**Work item**
Restate the entries below exactly. Images are not part of the copy.

**The data**
===============

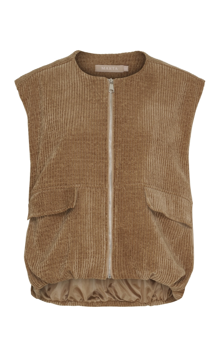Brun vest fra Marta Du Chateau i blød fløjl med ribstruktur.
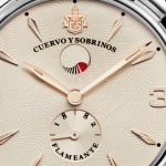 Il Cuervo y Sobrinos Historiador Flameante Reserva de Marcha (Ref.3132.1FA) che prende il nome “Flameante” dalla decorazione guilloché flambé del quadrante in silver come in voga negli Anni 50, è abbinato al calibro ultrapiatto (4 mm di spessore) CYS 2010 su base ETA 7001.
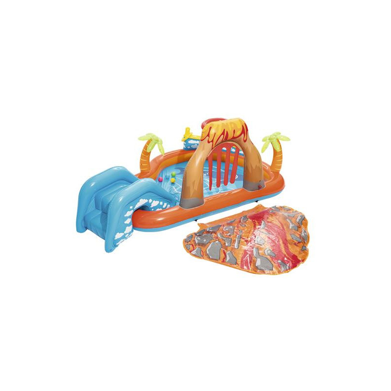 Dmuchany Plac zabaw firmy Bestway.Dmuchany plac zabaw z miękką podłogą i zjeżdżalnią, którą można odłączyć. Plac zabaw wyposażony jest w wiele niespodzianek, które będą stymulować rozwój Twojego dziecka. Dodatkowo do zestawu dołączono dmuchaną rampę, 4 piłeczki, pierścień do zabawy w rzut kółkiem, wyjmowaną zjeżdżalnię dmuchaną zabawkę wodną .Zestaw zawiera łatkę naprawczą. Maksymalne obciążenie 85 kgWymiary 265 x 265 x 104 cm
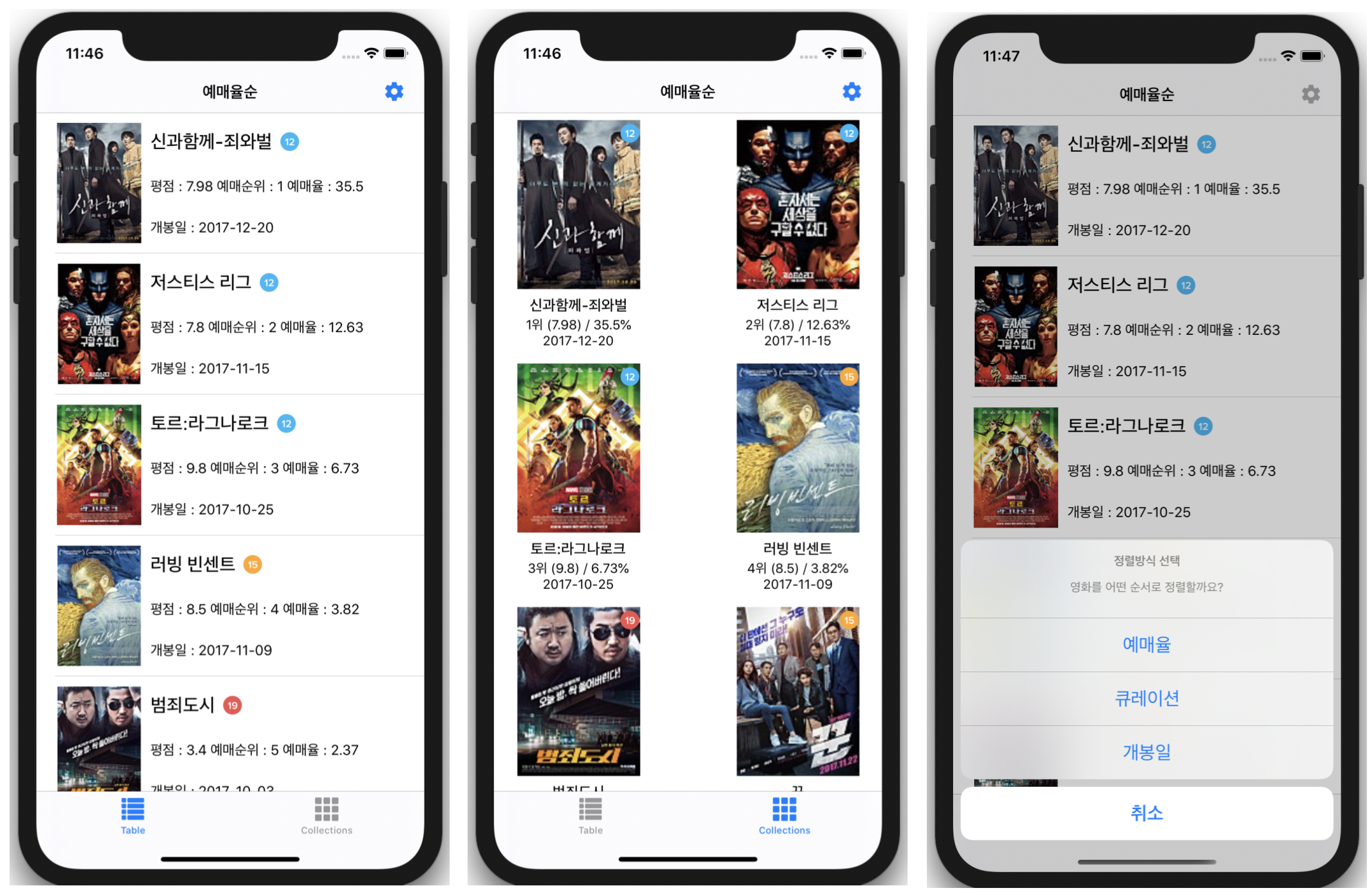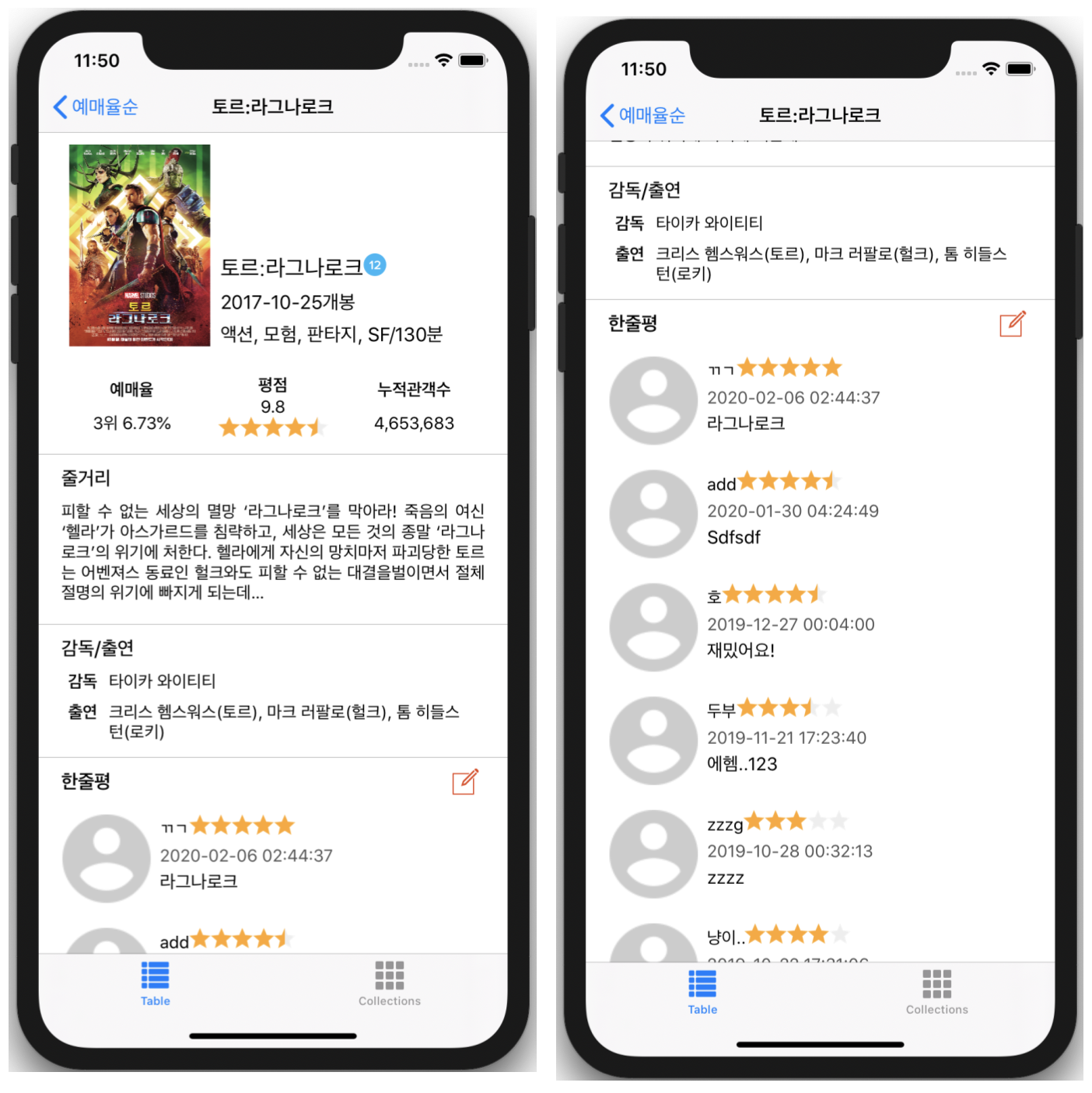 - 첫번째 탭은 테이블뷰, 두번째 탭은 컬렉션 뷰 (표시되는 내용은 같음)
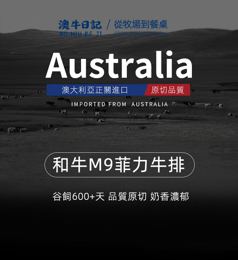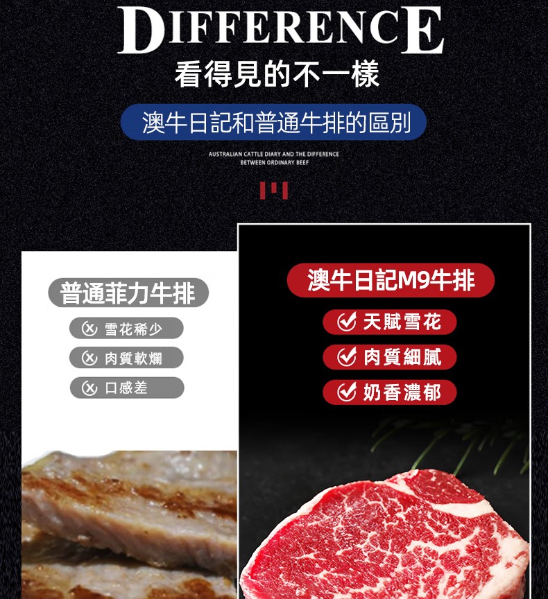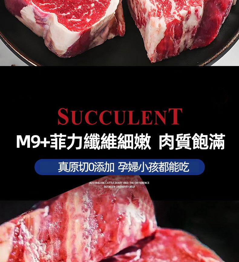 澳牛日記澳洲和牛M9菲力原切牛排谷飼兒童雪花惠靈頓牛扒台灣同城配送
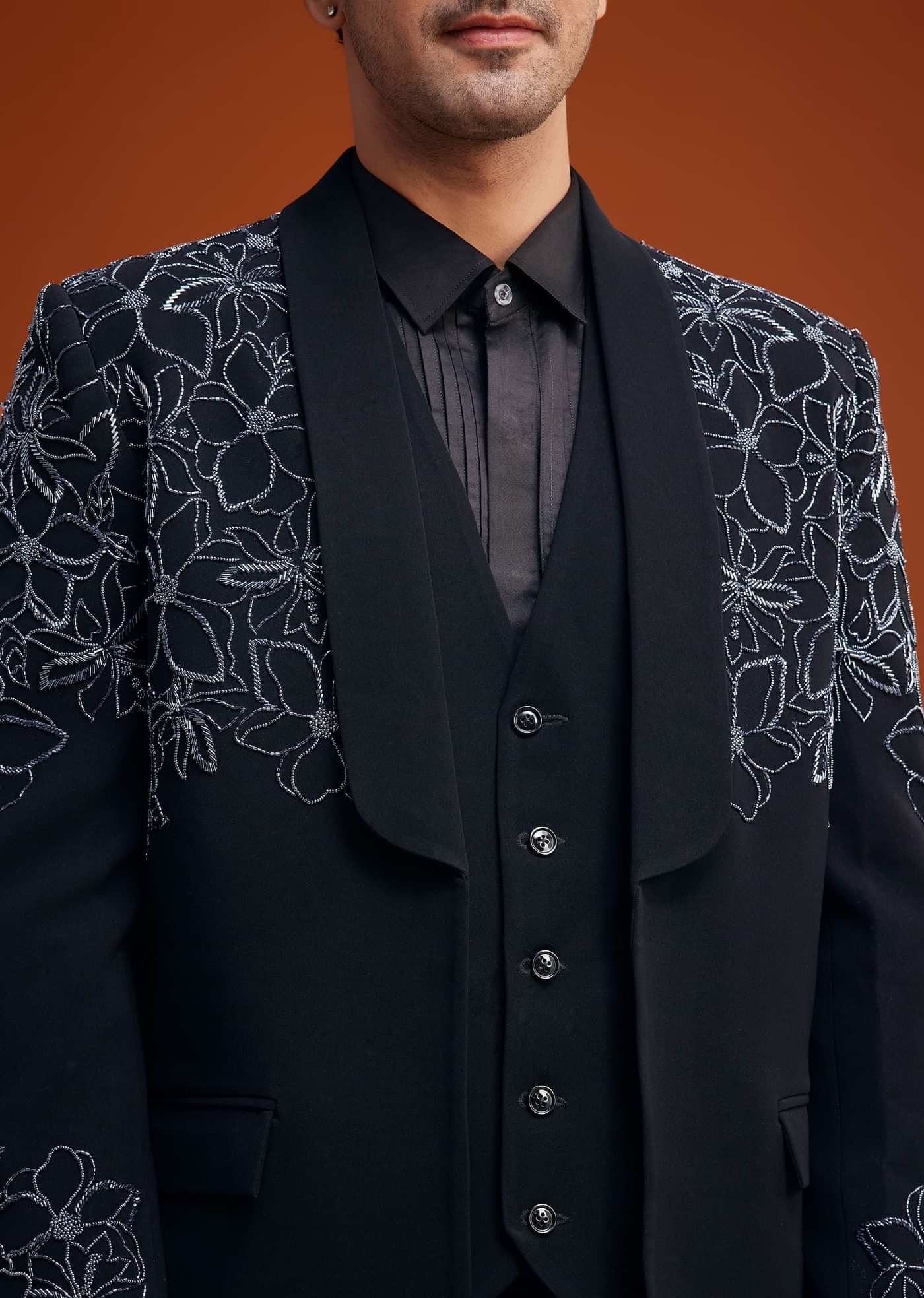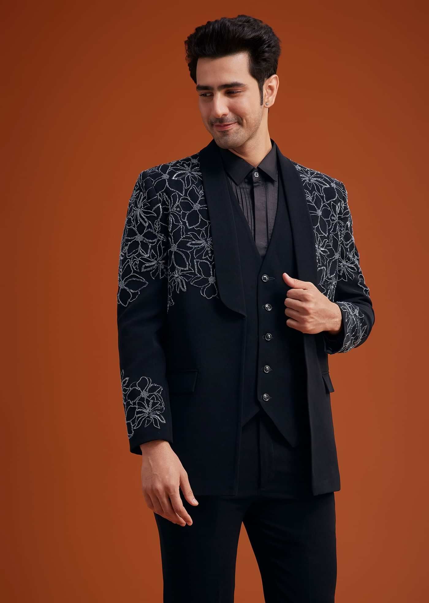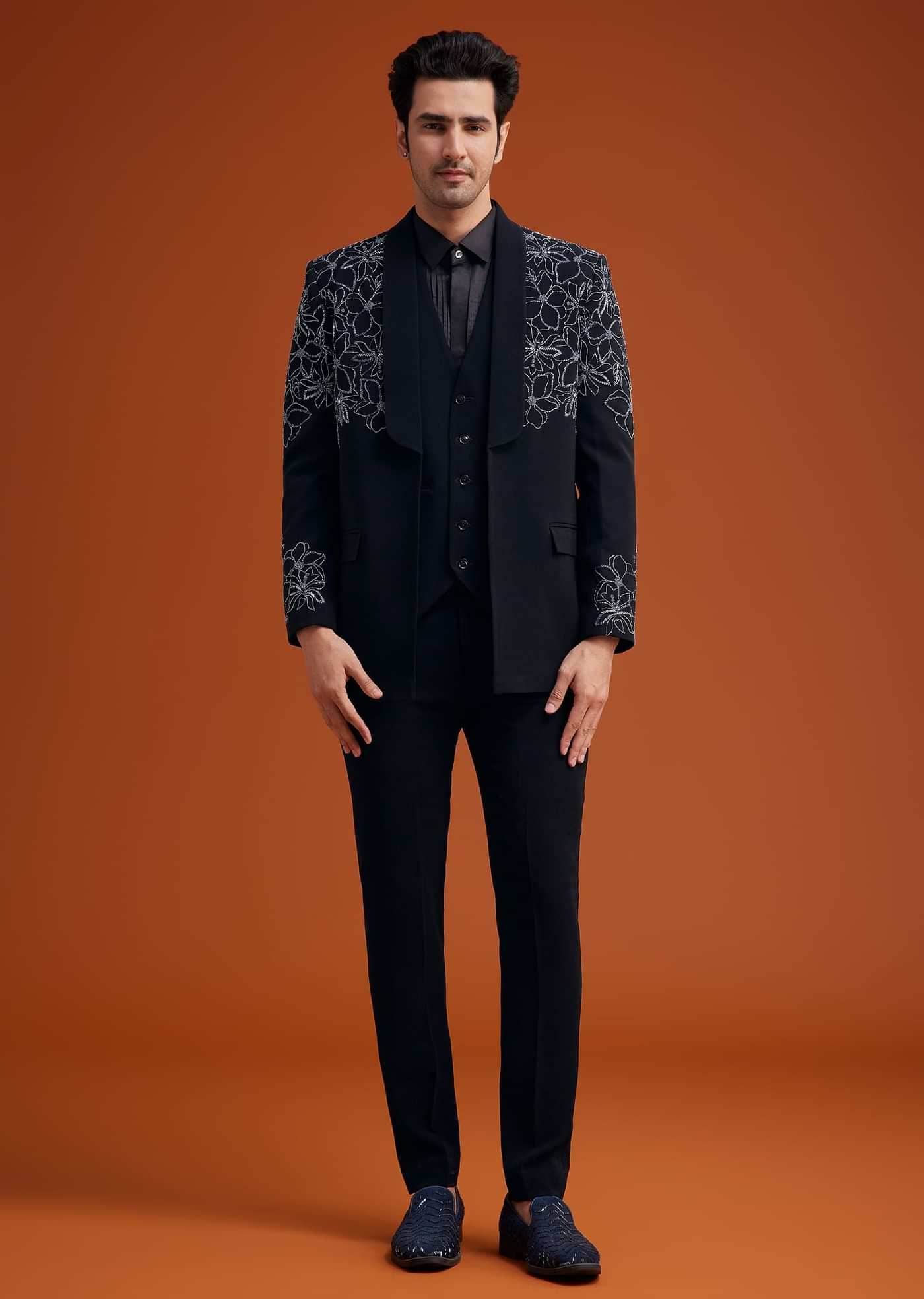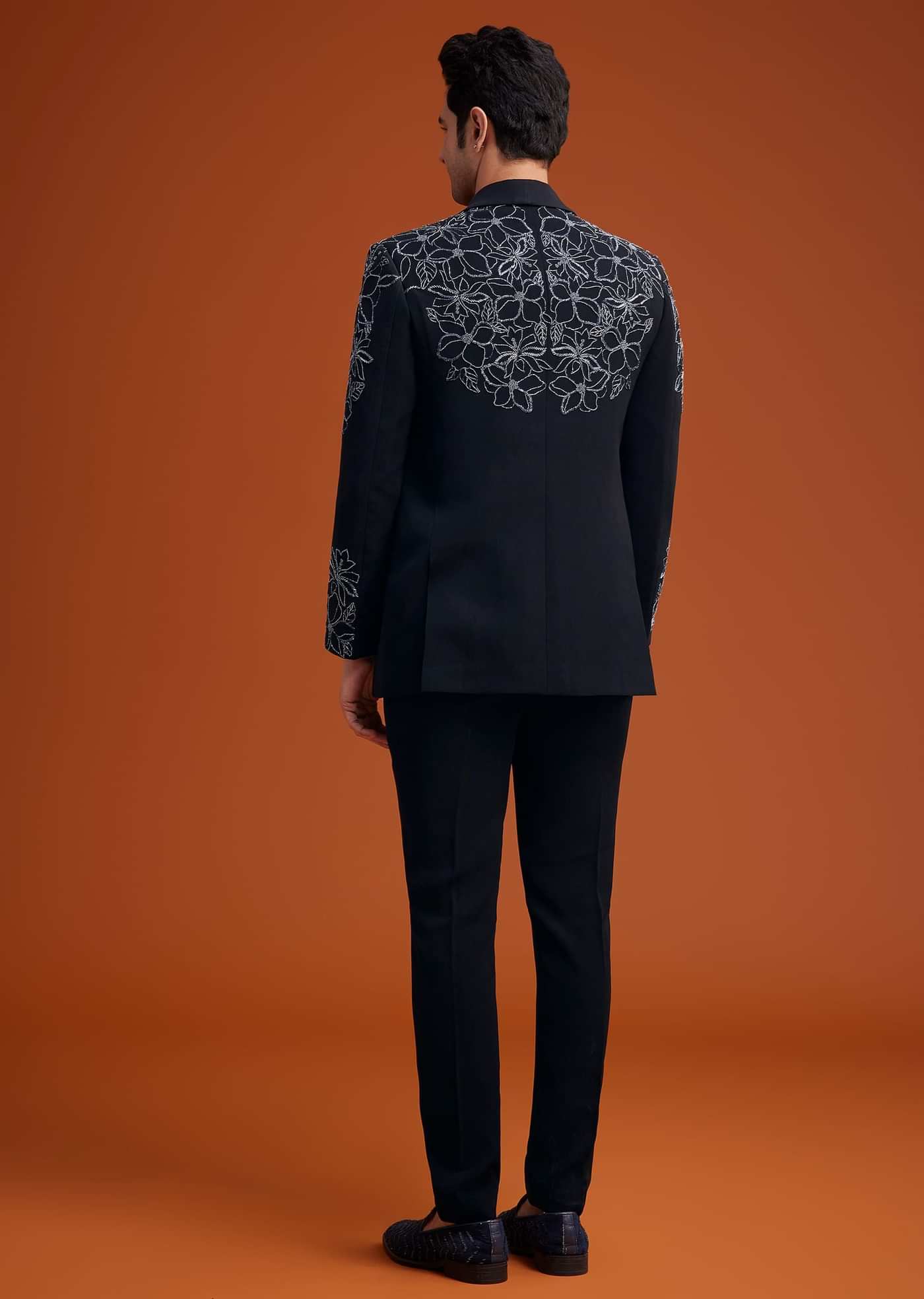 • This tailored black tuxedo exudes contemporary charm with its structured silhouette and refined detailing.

===============

**Answer to this task**
Brun vest fra Marta Du Chateau i blød fløjl med ribstruktur.
 Il Cuervo y Sobrinos Historiador Flameante Reserva de Marcha (Ref.3132.1FA) che prende il nome “Flameante” dalla decorazione guilloché flambé del quadrante in silver come in voga negli Anni 50, è abbinato al calibro ultrapiatto (4 mm di spessore) CYS 2010 su base ETA 7001.
 Dmuchany Plac zabaw firmy Bestway.Dmuchany plac zabaw z miękką podłogą i zjeżdżalnią, którą można odłączyć. Plac zabaw wyposażony jest w wiele niespodzianek, które będą stymulować rozwój Twojego dziecka. Dodatkowo do zestawu dołączono dmuchaną rampę, 4 piłeczki, pierścień do zabawy w rzut kółkiem, wyjmowaną zjeżdżalnię dmuchaną zabawkę wodną .Zestaw zawiera łatkę naprawczą. Maksymalne obciążenie 85 kgWymiary 265 x 265 x 104 cm
 - 첫번째 탭은 테이블뷰, 두번째 탭은 컬렉션 뷰 (표시되는 내용은 같음)
 澳牛日記澳洲和牛M9菲力原切牛排谷飼兒童雪花惠靈頓牛扒台灣同城配送
 • This tailored black tuxedo exudes contemporary charm with its structured silhouette and refined detailing.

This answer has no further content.